RECORD EXTRACTS >>
-------

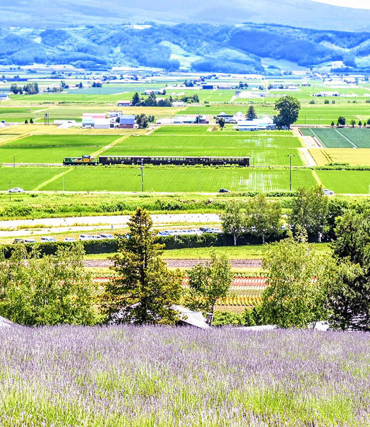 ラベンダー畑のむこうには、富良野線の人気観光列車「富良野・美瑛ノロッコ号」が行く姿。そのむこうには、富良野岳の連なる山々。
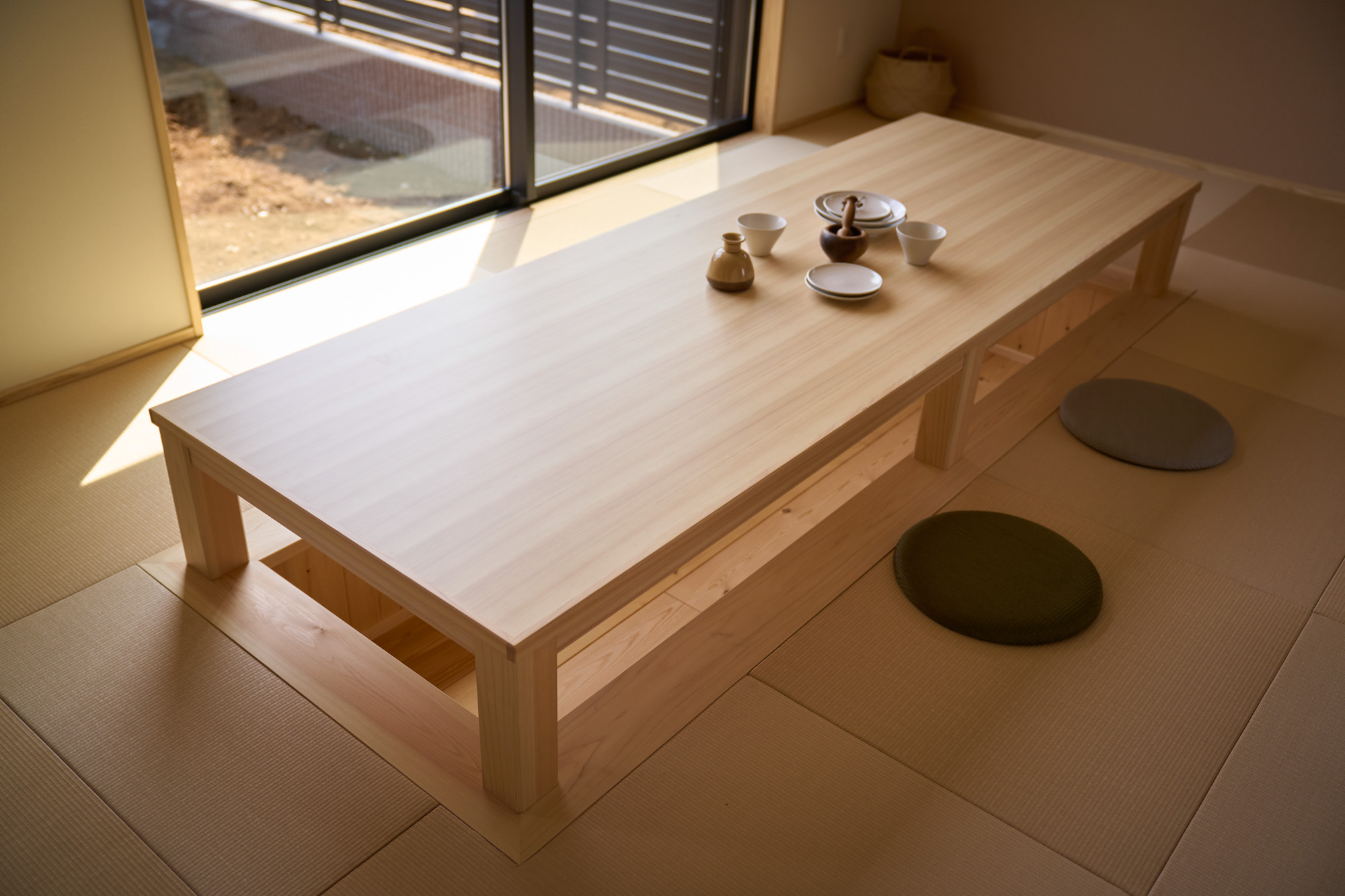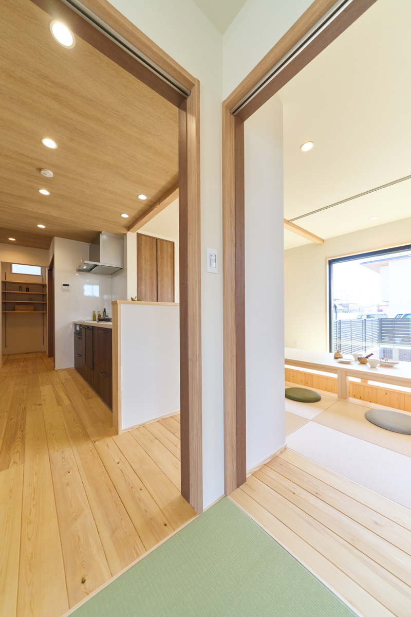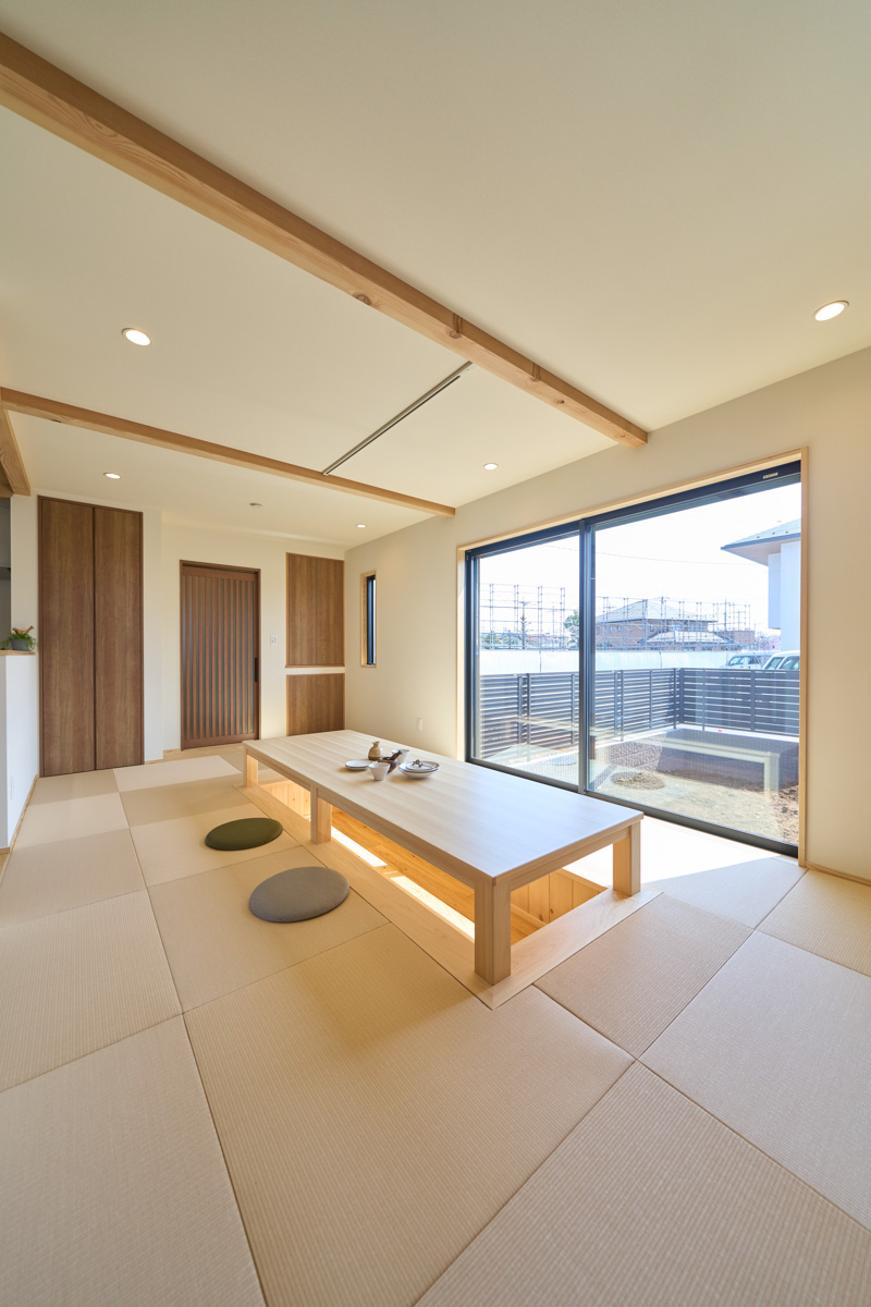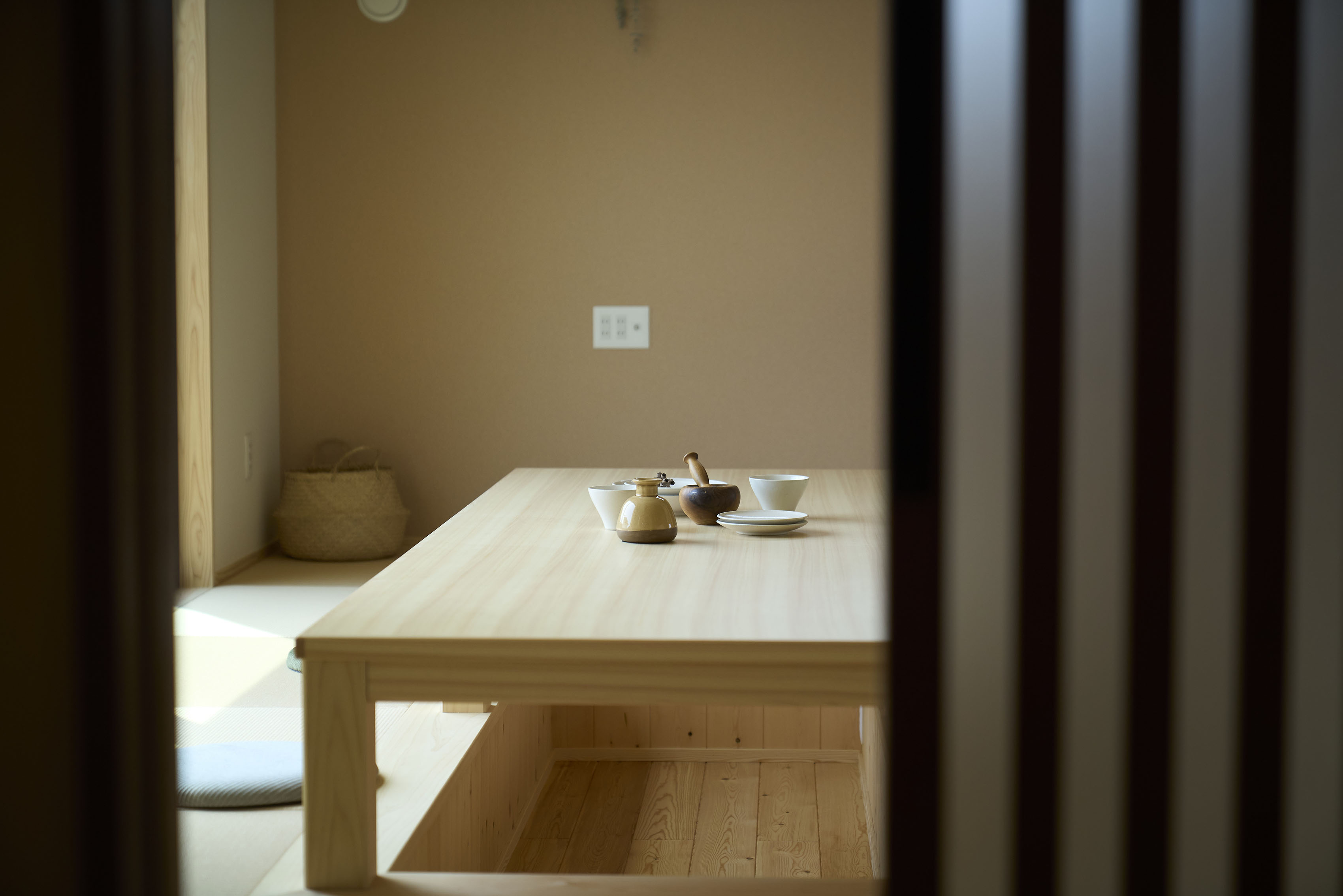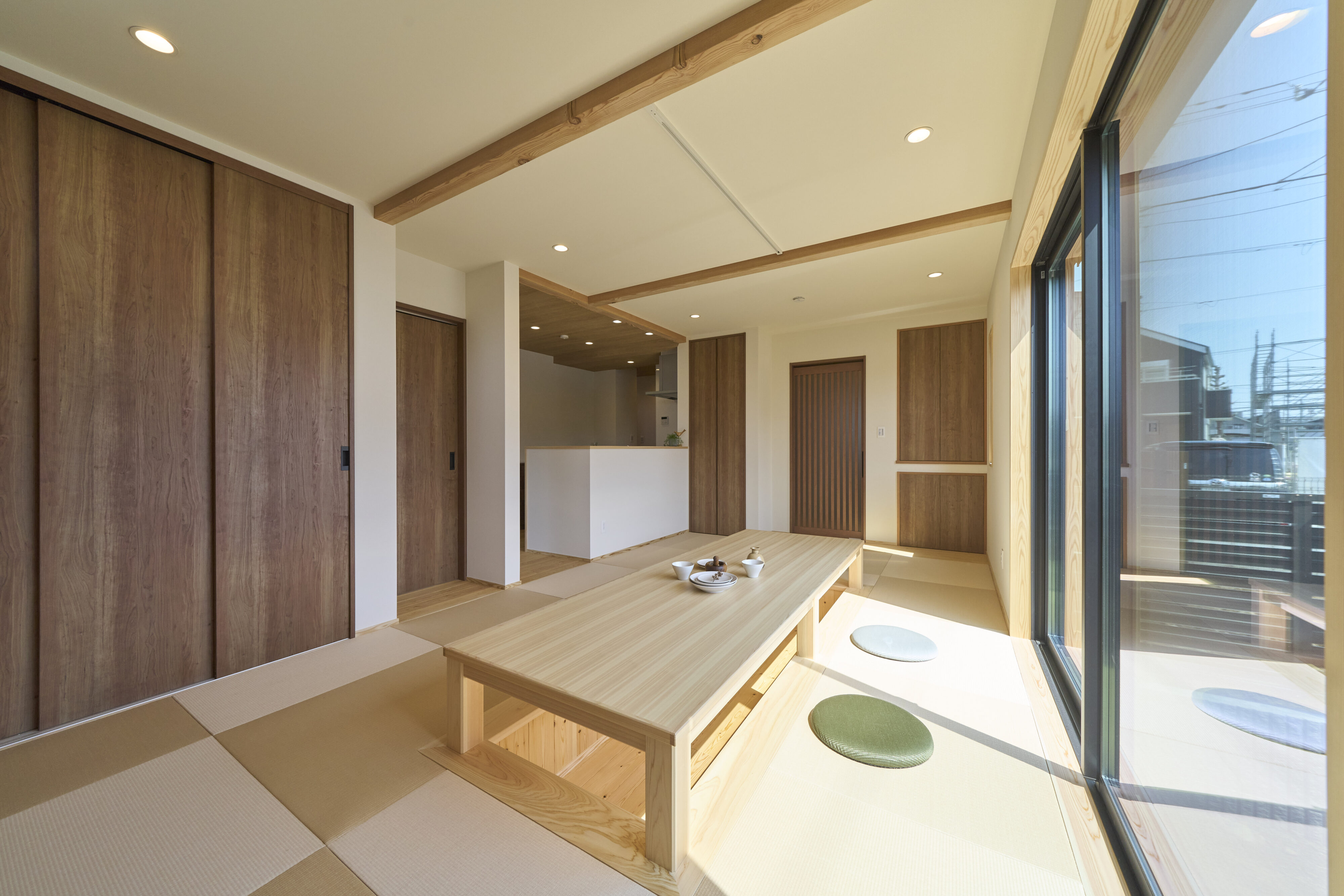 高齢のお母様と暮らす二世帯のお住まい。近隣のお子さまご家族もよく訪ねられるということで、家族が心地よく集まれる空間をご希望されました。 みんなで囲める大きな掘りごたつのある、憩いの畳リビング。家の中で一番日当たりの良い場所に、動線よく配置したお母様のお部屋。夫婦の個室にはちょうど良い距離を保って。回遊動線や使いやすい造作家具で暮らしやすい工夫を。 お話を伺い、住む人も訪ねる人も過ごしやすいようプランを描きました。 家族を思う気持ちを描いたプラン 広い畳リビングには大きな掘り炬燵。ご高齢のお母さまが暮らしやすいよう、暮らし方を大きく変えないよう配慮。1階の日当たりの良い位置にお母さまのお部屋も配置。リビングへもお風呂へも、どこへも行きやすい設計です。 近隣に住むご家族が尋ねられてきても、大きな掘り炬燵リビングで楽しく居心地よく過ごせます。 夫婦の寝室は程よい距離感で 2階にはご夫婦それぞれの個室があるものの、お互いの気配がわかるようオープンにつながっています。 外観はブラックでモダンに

-------

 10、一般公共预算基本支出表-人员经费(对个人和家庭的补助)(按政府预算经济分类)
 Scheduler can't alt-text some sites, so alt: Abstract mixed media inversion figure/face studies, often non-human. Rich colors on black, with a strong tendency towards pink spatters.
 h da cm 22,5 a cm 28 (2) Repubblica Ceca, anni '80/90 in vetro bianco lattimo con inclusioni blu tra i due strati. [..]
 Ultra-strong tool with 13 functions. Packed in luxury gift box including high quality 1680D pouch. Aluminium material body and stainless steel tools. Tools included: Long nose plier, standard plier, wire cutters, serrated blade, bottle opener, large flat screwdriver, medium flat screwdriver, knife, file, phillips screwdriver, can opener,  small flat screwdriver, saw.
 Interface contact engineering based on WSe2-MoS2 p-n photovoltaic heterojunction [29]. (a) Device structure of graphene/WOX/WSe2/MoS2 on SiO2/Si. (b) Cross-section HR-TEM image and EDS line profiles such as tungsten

-------

EXERCISE DIRECTIONS >>
Copy out each line of the records where the word "strong" appears.

RESPONSE BOX >>
 Scheduler can't alt-text some sites, so alt: Abstract mixed media inversion figure/face studies, often non-human. Rich colors on black, with a strong tendency towards pink spatters.
 Ultra-strong tool with 13 functions. Packed in luxury gift box including high quality 1680D pouch. Aluminium material body and stainless steel tools. Tools included: Long nose plier, standard plier, wire cutters, serrated blade, bottle opener, large flat screwdriver, medium flat screwdriver, knife, file, phillips screwdriver, can opener,  small flat screwdriver, saw.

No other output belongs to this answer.